BEIRUT — A top government adviser said Friday that Syria plans to respond to what she called the legitimate demands of peaceful protesters, after Syrians again defied troops and tanks to demonstrate around the country, suggesting that the regime is starting to realize that its strategy of using overwhelming force to quell the stubborn opposition movement is failing.
Tens of thousands of Syrians poured onto the streets after Friday prayers in dozens of towns and villages in defiance of the crackdown, in which tanks have pounded neighborhoods where protests were held and thousands of people who had joined demonstrations have been detained.

Activists said six protesters were shot dead in three separate locations, and though the toll could rise as reports emerge from remote areas and late-running protests, it was far lower than those of previous Fridays, when scores of people died.
Government adviser Bouthaina Shaaban said the toll was lower because this week’s protests were peaceful.
“There is a difference between peaceful protesters and armed groups,” she said, speaking by telephone from Damascus. “We don’t crush peaceful protests by force. Our problem is with armed groups.”
“Protesters went to the streets around the country and protested by peaceful means,” she added. “There are peaceful protests demanding legitimate demands, and the government is going to respond to those demands.”
It was the first time the government has acknowledged that widespread and peaceful demonstrations have been taking place, indicating that it realizes the ineffectiveness of its massive security crackdown. Until now, the regime headed by President Bashar al-Assad has blamed all the demonstrations on “armed gangs” and Islamist extremists, summoning images of chaos and instability should it fall.
Hours earlier, Information Minister Adnan Hasan Mahmoud told a televised news conference that Syria plans to pursue “national dialogue” with opposition members, in another sign that the government is seeking to adopt a different response to the biggest challenge yet to nearly five decades of Baath Party rule.
But opposition leaders and activists immediately rejected that offer, saying they would talk to the government only if the tanks and troops are withdrawn and the thousands of detainees released.
“It’s a joke. How can you offer dialogue with a gun in your hand?” said Wissam Tarif of the human rights group Insan. “Everyone views this as a political maneuver, because there are no signals on the ground that the regime has any intention to start a dialogue.”
Mahmoud also announced that the army was withdrawing its troops from the besieged cities of Daraa and Baniyas. But Tarif said there was no sign of a pullout from either city.
Activists said that with many neighborhoods ringed by tanks and thousands of people in detention, it was inevitable that some of the protests Friday would be smaller than in past weeks.
Yet people nonetheless turned out in dozens of towns, including some of those that had experienced the worst violence of the crackdown.
One video posted on YouTube showed hundreds of people marching and chanting, “The people want to topple the regime” in the Bab al-Amr neighborhood of Homs, Syria’s third-largest city, which was bombarded by artillery earlier this week.

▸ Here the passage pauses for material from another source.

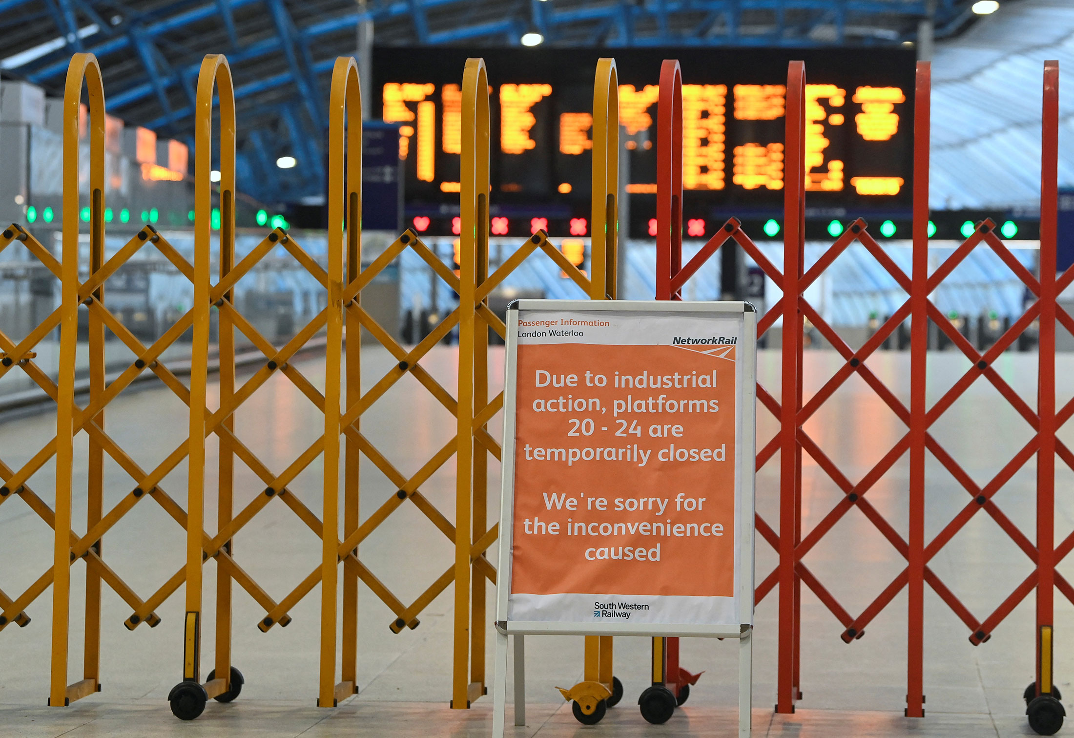 伦敦滑铁卢站的封闭平台,铁路工人于1月3日举行罢工。摄影师:托比·梅尔维尔/路透社这是首相里希·苏纳克面临的困境:保守党在十月任命前财政大臣苏纳克,以在利兹·特拉斯灾难性的首相任期后使经济重回正轨,特拉斯宣布了一系列未经资金支持的减税措施,导致英镑暴跌。苏纳克表示,在截至4月5日的当前财政年度内给数百万公共部门工作者提供与通货膨胀相匹配的加薪是“负担不起的”,并且存在干扰英国年度薪酬审查流程的风险,独立小组收集证据然后提出建议。

In the besieged port city of Baniyas, cut off for a week since tanks rolled in and troops began rounding up all men between the ages of 18 and 45, a few dozen people attempted to stage a protest before they were dispersed by troops.
Worryingly for the government, there were reports of demonstrations in three Damascus neighborhoods, including the densely populated neighborhood of Mohajireen, where activists said several thousand people took to the streets. Video posted on YouTube also showed a small but determined group of protesters marching through a neighborhood of Syria’s largest city, Aleppo.
Damascus and Aleppo are the only two cities not to have witnessed any sizable anti-government demonstrations, which has prevented the protest movement from achieving the critical mass of the successful uprisings in Egypt and Tunisia.
But the ubiquity of the protests indicated that authorities are not close to quelling the unrest, said Razan Zeitouneh, a human rights lawyer who is in hiding in Damascus, and whose husband, activist Wael al-Hamidi, was detained this week.
“The regime doesn’t have any strategy except violence, and this strategy has failed,” she said. “So now they should start thinking of another.”
She and other activists are skeptical that the government is genuinely planning reforms, which have been promised before but never implemented. A day after the regime announced it was lifting the 48-year-old state of emergency, troops killed 110 demonstrators.
But Shaaban said that this time the government is serious. Committees have been formed to study new election and political party laws, she said, adding, “We are pressing ahead with these reforms.”